# COLLECTED MATERIAL
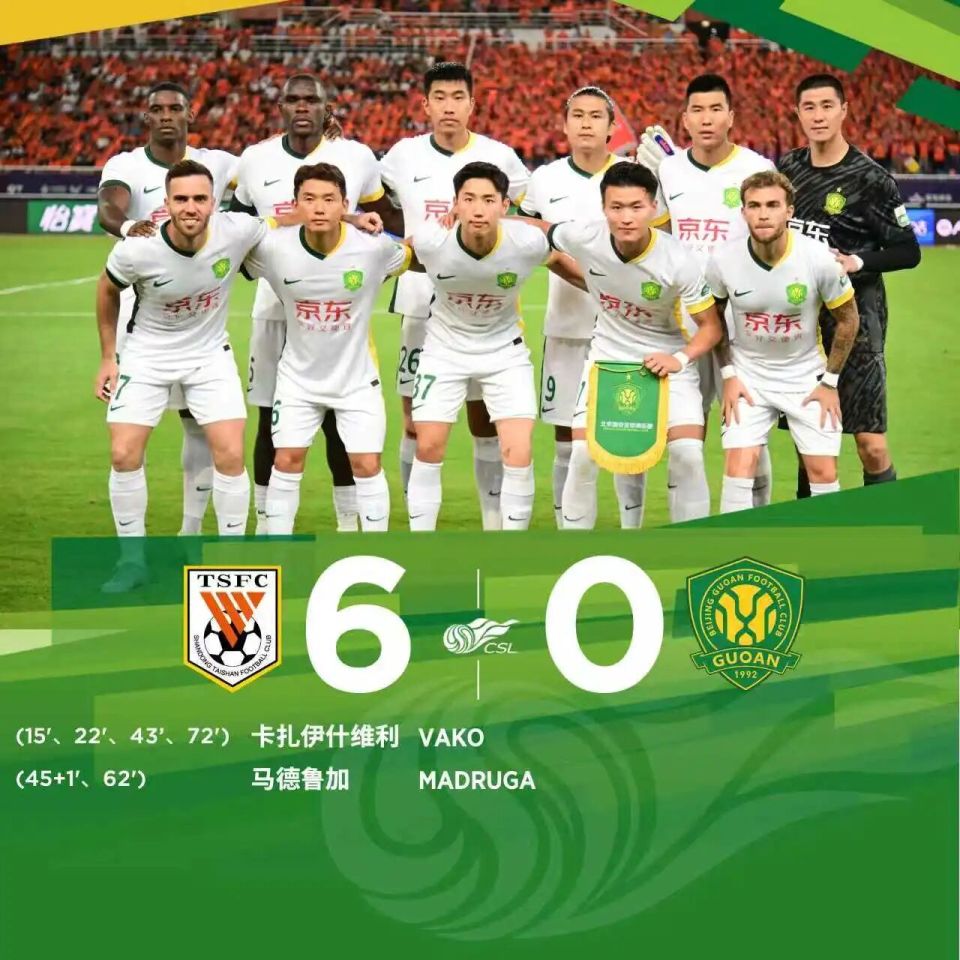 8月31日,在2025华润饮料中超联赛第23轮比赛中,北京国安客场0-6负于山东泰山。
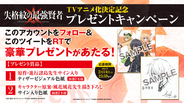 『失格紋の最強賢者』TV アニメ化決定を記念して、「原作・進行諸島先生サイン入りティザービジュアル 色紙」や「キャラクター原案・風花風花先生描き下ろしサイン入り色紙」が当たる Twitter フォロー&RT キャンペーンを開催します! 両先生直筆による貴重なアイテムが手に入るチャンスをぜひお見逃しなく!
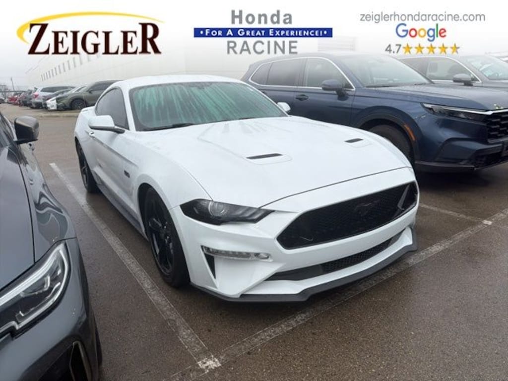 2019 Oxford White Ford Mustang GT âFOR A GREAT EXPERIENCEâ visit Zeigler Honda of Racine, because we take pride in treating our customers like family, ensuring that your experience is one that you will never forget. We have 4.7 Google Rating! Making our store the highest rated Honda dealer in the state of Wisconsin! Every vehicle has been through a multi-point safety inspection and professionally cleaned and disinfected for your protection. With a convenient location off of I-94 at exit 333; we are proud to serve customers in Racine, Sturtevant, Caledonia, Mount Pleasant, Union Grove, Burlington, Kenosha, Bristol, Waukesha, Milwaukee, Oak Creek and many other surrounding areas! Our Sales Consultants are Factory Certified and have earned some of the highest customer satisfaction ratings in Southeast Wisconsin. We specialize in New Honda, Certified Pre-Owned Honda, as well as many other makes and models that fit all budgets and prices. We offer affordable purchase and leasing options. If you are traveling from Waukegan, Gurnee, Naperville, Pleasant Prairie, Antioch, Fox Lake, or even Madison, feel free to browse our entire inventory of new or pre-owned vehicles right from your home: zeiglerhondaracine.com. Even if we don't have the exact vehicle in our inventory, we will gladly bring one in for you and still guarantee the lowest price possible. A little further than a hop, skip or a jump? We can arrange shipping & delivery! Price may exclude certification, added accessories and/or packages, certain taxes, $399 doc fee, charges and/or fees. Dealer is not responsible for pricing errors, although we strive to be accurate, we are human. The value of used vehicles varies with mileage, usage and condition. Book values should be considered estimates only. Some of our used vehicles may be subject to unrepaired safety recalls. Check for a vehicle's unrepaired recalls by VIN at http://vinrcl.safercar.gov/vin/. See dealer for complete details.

# ACTION ITEM
Begin at the first line of the data above and repeat each line exactly, stopping after the line containing "フォロー&RT キャンペーンを開催します! 両先生直筆による貴重なアイテムが手に入るチャンスをぜひお見逃しなく!". Omit the pictures.

# WRITTEN RESPONSE
 8月31日,在2025华润饮料中超联赛第23轮比赛中,北京国安客场0-6负于山东泰山。
 『失格紋の最強賢者』TV アニメ化決定を記念して、「原作・進行諸島先生サイン入りティザービジュアル 色紙」や「キャラクター原案・風花風花先生描き下ろしサイン入り色紙」が当たる Twitter フォロー&RT キャンペーンを開催します! 両先生直筆による貴重なアイテムが手に入るチャンスをぜひお見逃しなく!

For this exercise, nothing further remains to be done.